ACTION ITEM
Please restate word for word the lines of the entries below from the one with "SoftwareSerial bluetooth(2, 3);" to the one with "Part of our", inclusive, and leave out every picture.

== DATA PROVIDED ==

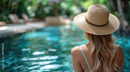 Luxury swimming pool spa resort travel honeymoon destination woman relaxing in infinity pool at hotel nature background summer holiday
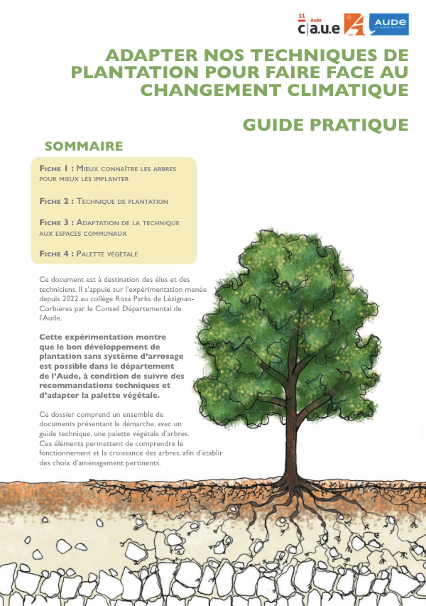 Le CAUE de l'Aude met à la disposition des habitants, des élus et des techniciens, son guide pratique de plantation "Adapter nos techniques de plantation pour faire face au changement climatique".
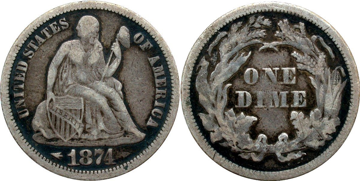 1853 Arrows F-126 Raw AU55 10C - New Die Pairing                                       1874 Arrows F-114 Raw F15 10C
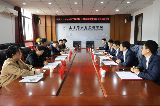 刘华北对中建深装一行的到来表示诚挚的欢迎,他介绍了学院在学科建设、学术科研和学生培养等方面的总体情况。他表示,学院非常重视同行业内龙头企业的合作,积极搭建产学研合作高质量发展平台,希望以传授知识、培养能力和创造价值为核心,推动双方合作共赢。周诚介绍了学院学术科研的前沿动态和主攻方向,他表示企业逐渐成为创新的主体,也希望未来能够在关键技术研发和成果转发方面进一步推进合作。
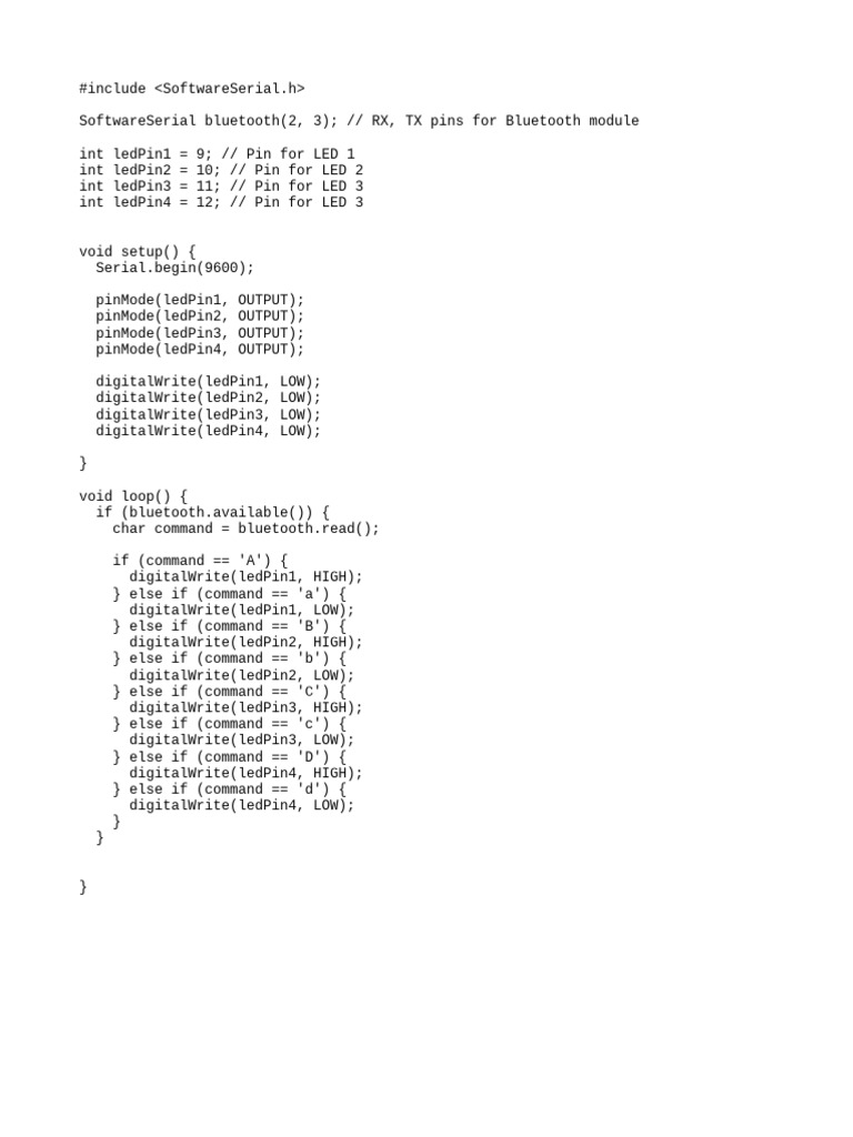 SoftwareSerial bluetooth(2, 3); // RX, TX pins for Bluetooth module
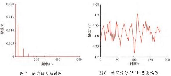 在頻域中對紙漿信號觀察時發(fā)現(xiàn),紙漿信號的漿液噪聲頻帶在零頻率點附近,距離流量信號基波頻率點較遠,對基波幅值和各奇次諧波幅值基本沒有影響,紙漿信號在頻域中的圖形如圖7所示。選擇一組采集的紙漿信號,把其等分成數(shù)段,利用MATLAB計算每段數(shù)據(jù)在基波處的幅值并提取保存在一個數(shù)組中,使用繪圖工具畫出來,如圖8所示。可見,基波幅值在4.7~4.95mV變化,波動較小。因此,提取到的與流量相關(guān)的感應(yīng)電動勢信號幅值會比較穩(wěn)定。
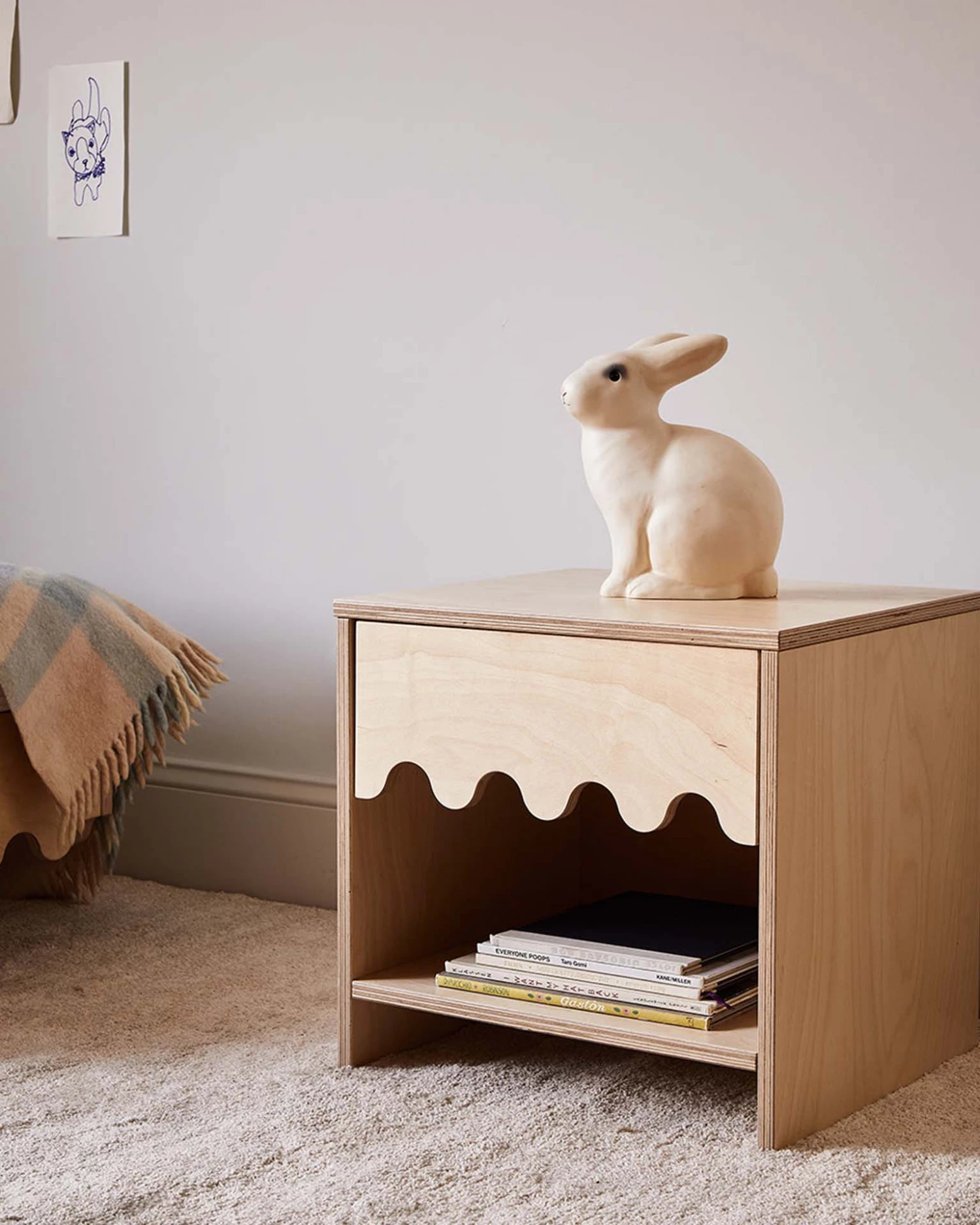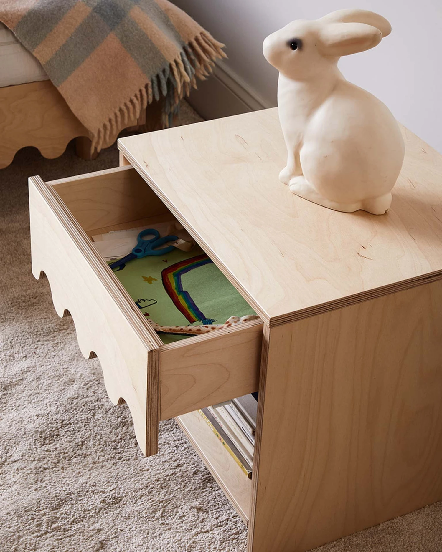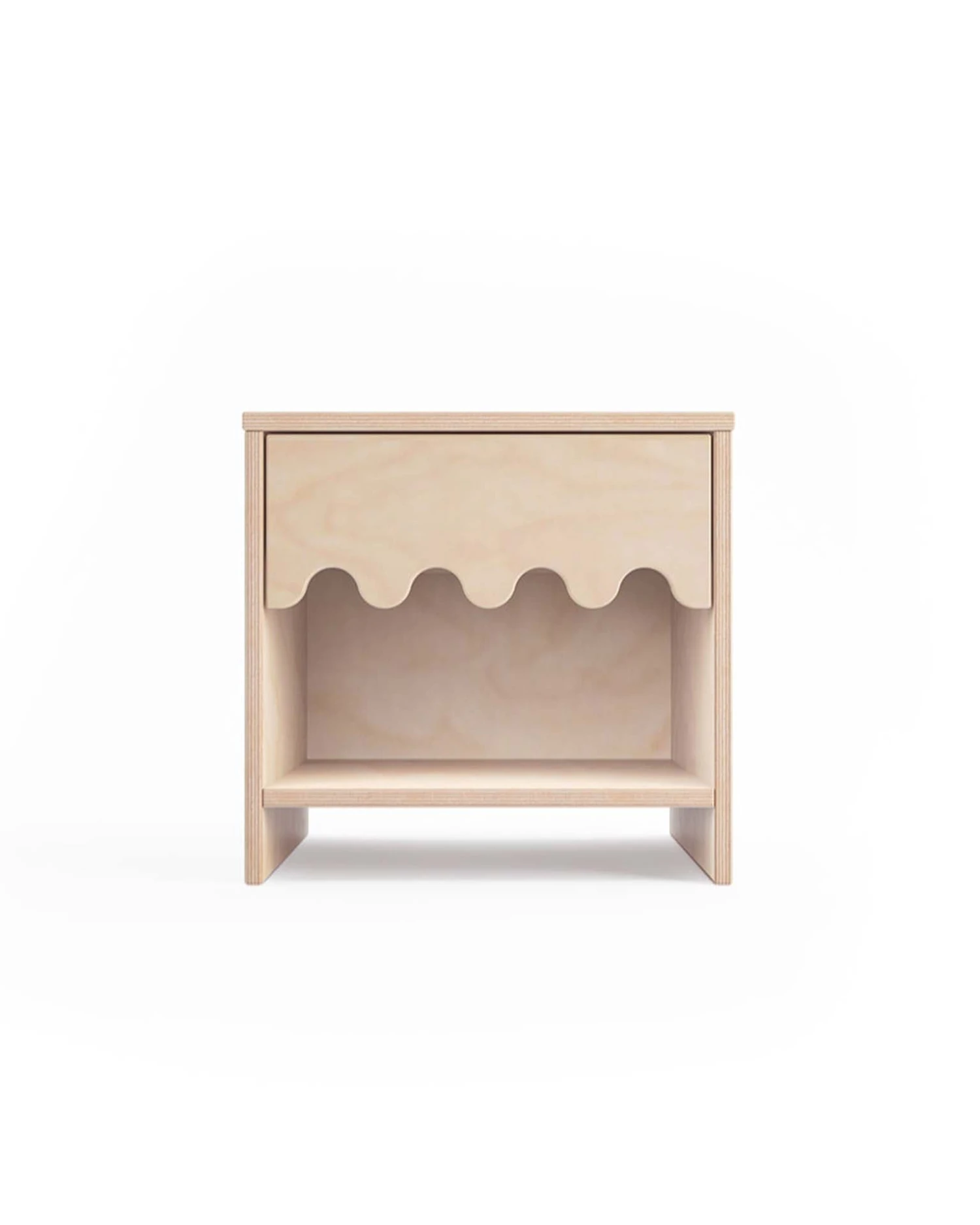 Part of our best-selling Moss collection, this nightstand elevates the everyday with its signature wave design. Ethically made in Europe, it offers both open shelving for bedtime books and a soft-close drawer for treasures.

===
== DATA PROVIDED ==

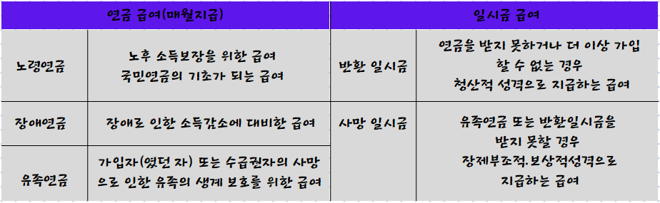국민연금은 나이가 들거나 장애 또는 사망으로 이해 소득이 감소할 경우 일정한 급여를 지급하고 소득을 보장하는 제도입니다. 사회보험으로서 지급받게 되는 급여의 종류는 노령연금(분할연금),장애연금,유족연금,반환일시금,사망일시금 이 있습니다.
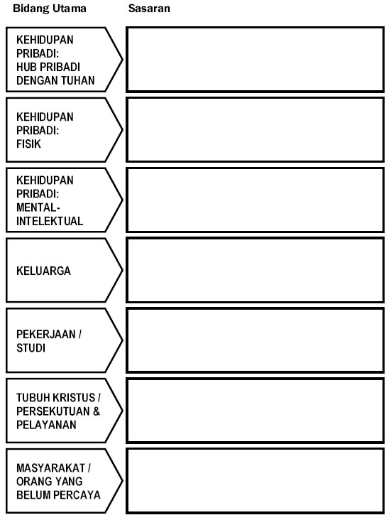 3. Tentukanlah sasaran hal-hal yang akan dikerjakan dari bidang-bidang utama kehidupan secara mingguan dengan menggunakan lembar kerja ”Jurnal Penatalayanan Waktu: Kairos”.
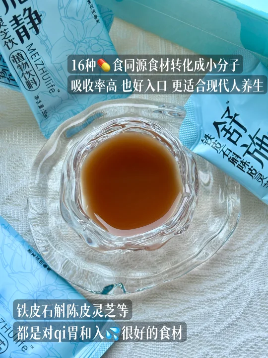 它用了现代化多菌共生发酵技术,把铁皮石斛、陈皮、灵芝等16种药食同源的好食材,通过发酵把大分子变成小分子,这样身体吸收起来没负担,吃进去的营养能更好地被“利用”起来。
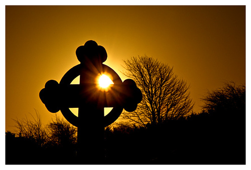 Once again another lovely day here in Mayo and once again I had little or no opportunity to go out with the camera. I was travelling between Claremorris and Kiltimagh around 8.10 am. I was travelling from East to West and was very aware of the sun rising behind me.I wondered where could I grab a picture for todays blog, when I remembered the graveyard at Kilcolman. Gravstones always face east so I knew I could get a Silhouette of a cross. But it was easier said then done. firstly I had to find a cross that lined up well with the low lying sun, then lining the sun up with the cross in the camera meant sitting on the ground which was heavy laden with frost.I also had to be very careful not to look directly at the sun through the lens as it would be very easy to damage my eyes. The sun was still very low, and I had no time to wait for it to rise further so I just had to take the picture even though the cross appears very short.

===
== DATA PROVIDED ==

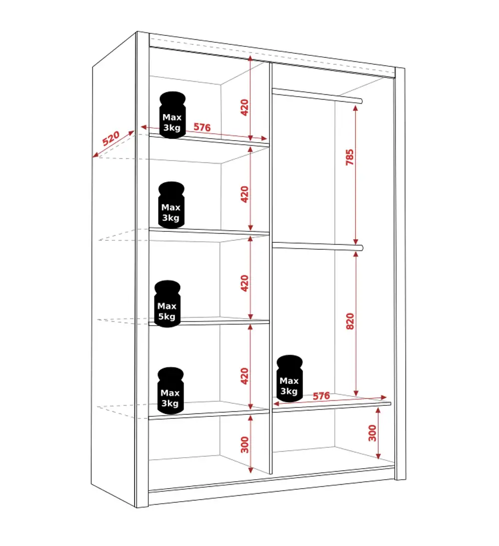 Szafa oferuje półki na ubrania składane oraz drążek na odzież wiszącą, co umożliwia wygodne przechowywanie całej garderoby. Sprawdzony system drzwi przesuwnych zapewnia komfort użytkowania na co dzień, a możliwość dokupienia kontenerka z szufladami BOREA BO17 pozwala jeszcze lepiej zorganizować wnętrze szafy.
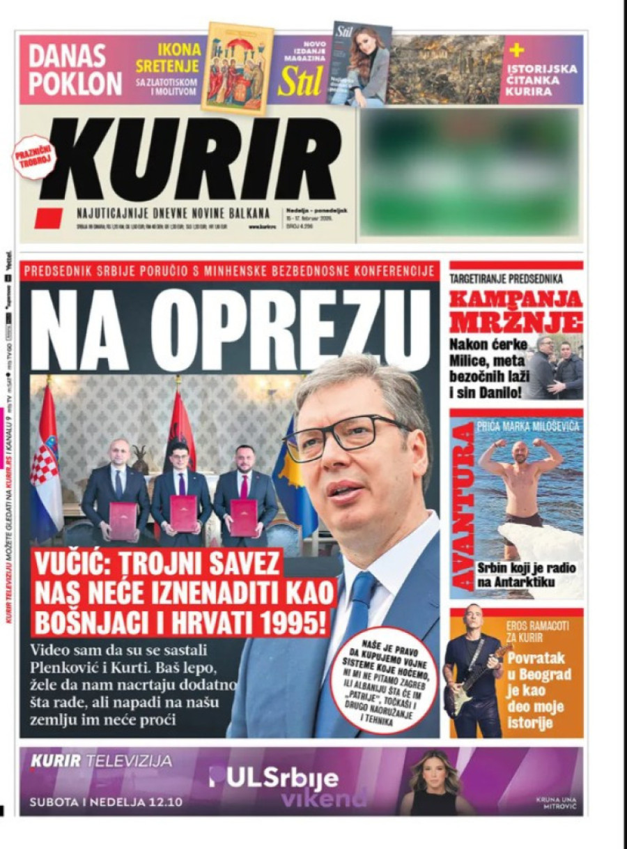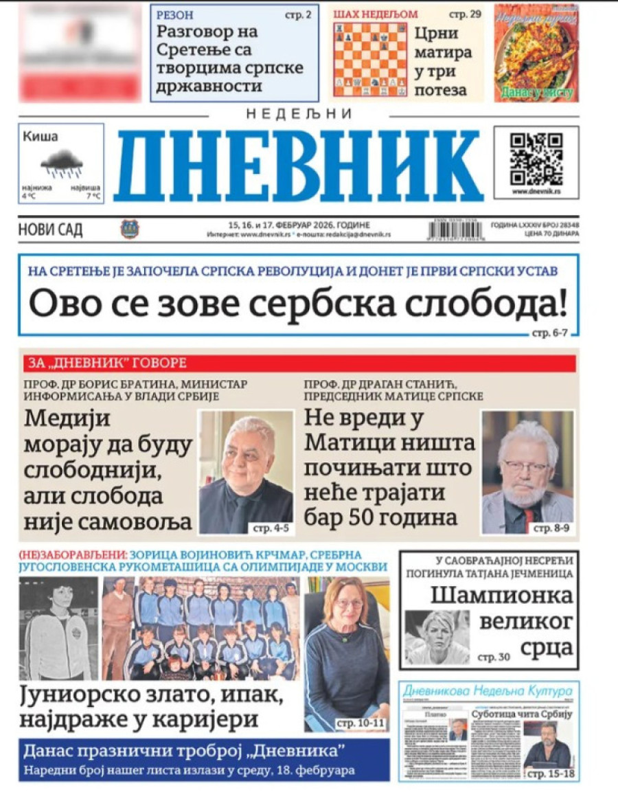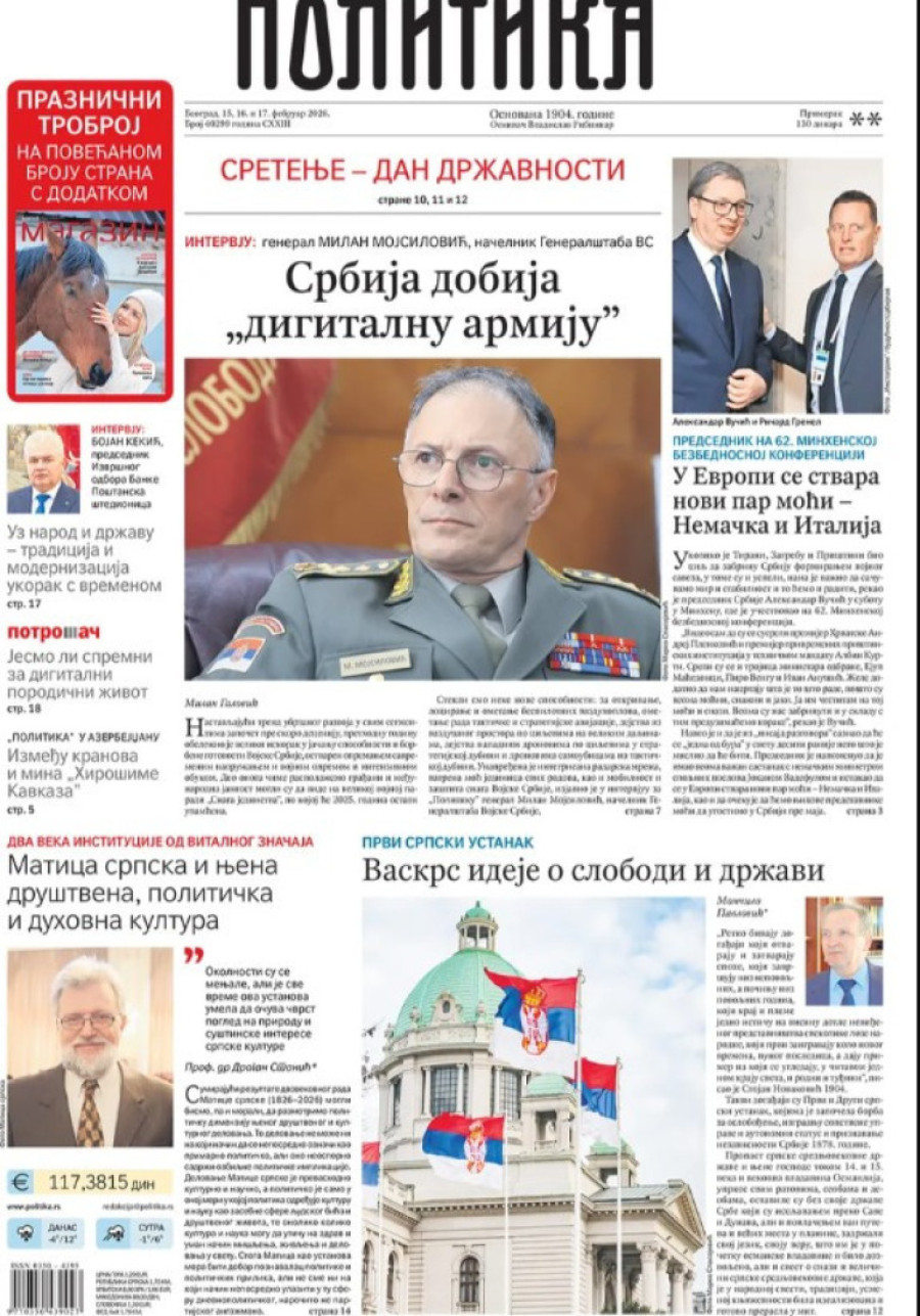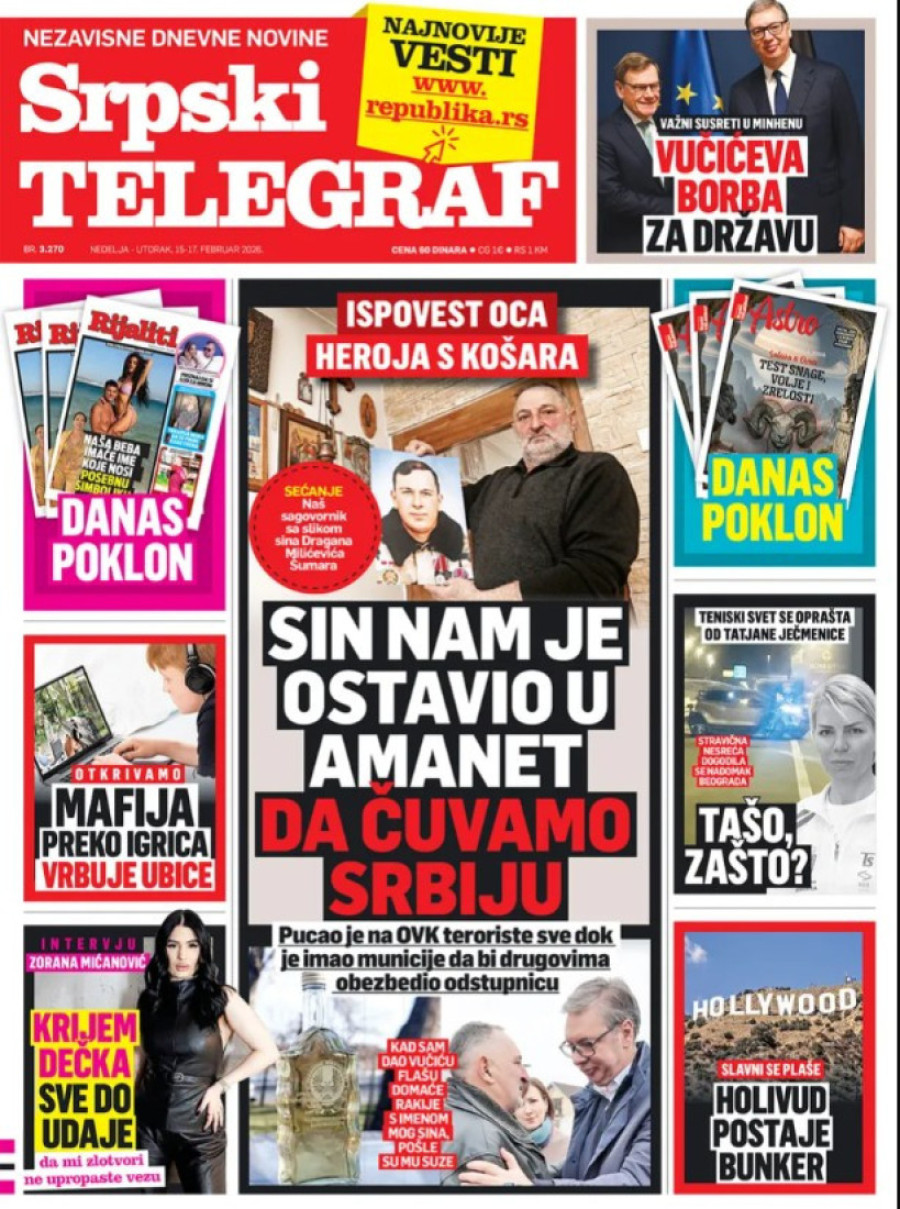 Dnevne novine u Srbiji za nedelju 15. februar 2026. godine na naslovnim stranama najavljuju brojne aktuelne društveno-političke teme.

===

ANSWER SECTION
 SoftwareSerial bluetooth(2, 3); // RX, TX pins for Bluetooth module
 在頻域中對紙漿信號觀察時發(fā)現(xiàn),紙漿信號的漿液噪聲頻帶在零頻率點附近,距離流量信號基波頻率點較遠,對基波幅值和各奇次諧波幅值基本沒有影響,紙漿信號在頻域中的圖形如圖7所示。選擇一組采集的紙漿信號,把其等分成數(shù)段,利用MATLAB計算每段數(shù)據(jù)在基波處的幅值并提取保存在一個數(shù)組中,使用繪圖工具畫出來,如圖8所示。可見,基波幅值在4.7~4.95mV變化,波動較小。因此,提取到的與流量相關(guān)的感應(yīng)電動勢信號幅值會比較穩(wěn)定。
 Part of our best-selling Moss collection, this nightstand elevates the everyday with its signature wave design. Ethically made in Europe, it offers both open shelving for bedtime books and a soft-close drawer for treasures.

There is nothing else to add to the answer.